TASK ITEM: Give the lines below again, exactly as they stand, and leave out the images.

PROVIDED MATERIAL:

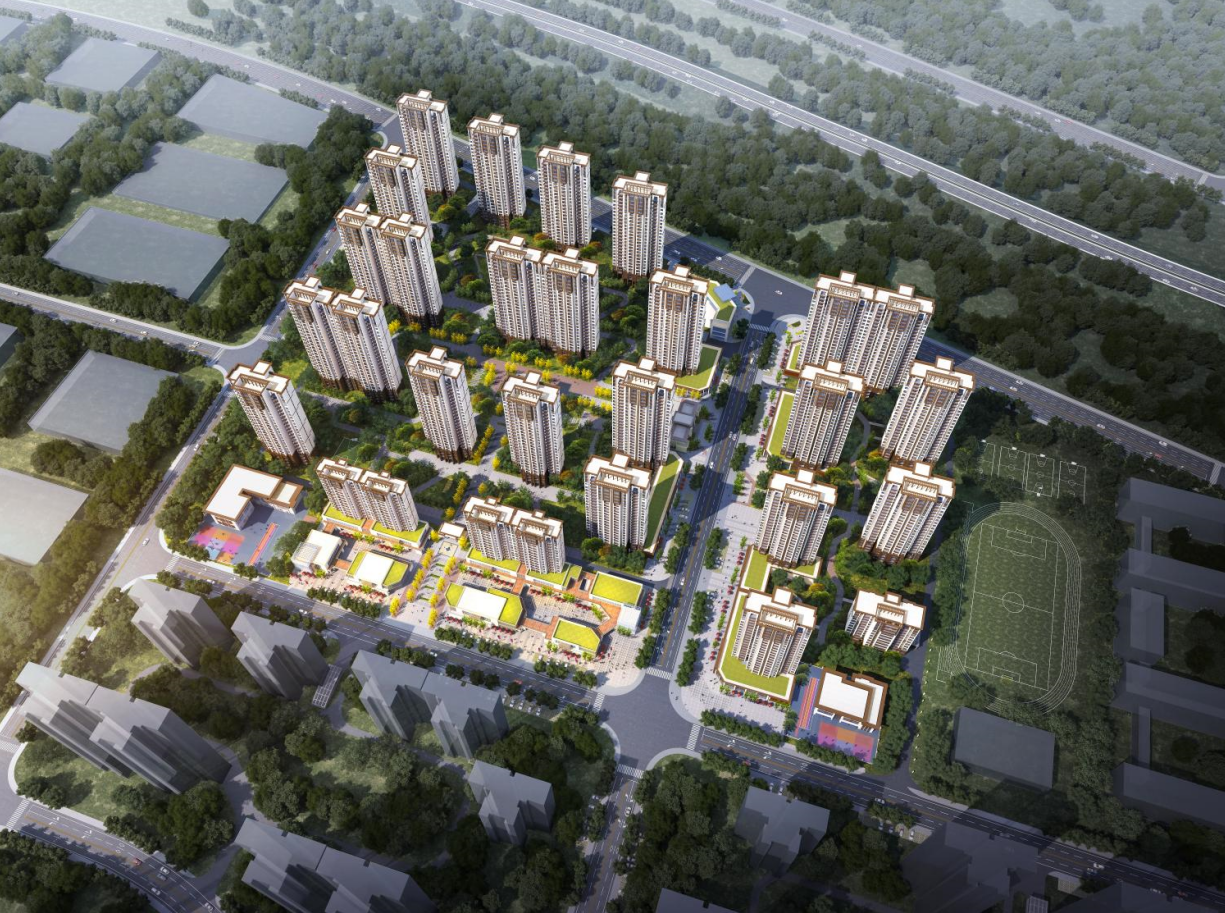 项目位于武汉市蔡甸经济开发区奓山街,东至双丰二路、南至双丰街、西至双丰三路、北至常乐大街。总用地面积为 128784 平方米,总建筑面积为 438334.40 平方米,地下室建筑面积112162.46平方米。新建 1 栋小高层及 22 栋高层住宅楼,共建设房屋 2733 套,配套设施涵盖幼儿园、商铺、文化活动站、社区服务用房、养老服务用房等。
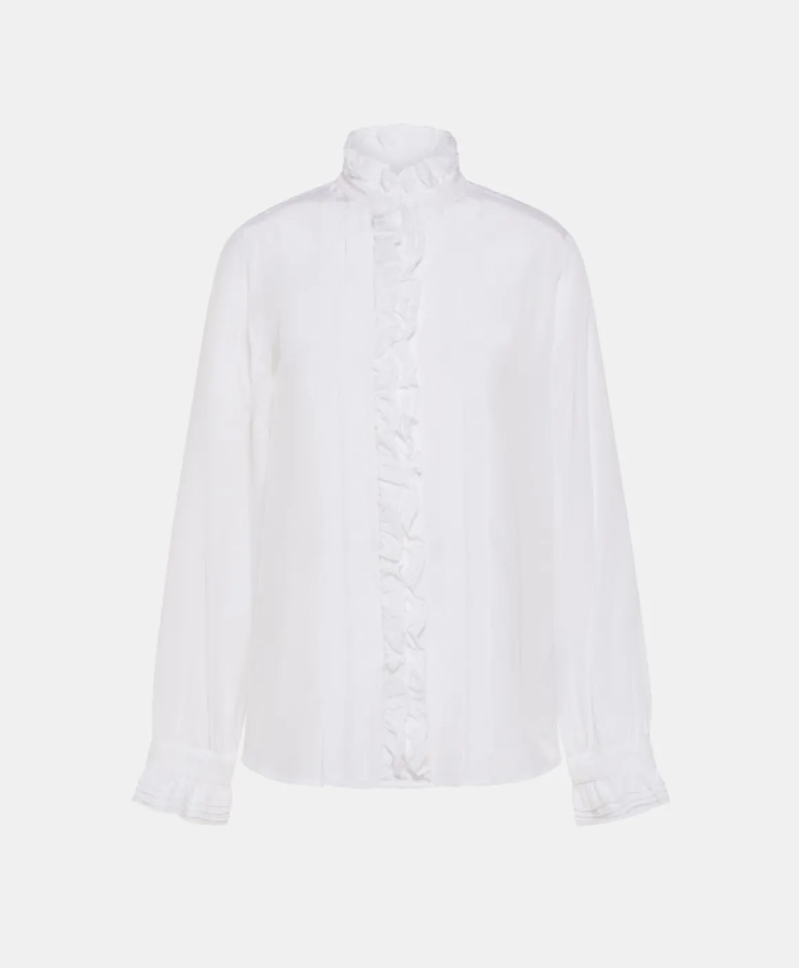 Raffinata camicia in viscosa fluida con piccole e ricche rouches che seguono la linea del collo e la lista dell’abbottonatura nascosta. Dettaglio di pieghe cucite sul davanti, maniche lunghe che chiudono su polsi a sbuffo con piegoline e chiusura con bottoncino a vista. Fondo stondato e più lungo sulla schiena.
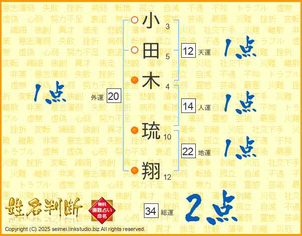 小(3画)田(5画)木(4画) 琉(10画)翔(12画)

RESPONSE TO THE EXERCISE:
 项目位于武汉市蔡甸经济开发区奓山街,东至双丰二路、南至双丰街、西至双丰三路、北至常乐大街。总用地面积为 128784 平方米,总建筑面积为 438334.40 平方米,地下室建筑面积112162.46平方米。新建 1 栋小高层及 22 栋高层住宅楼,共建设房屋 2733 套,配套设施涵盖幼儿园、商铺、文化活动站、社区服务用房、养老服务用房等。
 Raffinata camicia in viscosa fluida con piccole e ricche rouches che seguono la linea del collo e la lista dell’abbottonatura nascosta. Dettaglio di pieghe cucite sul davanti, maniche lunghe che chiudono su polsi a sbuffo con piegoline e chiusura con bottoncino a vista. Fondo stondato e più lungo sulla schiena.
 小(3画)田(5画)木(4画) 琉(10画)翔(12画)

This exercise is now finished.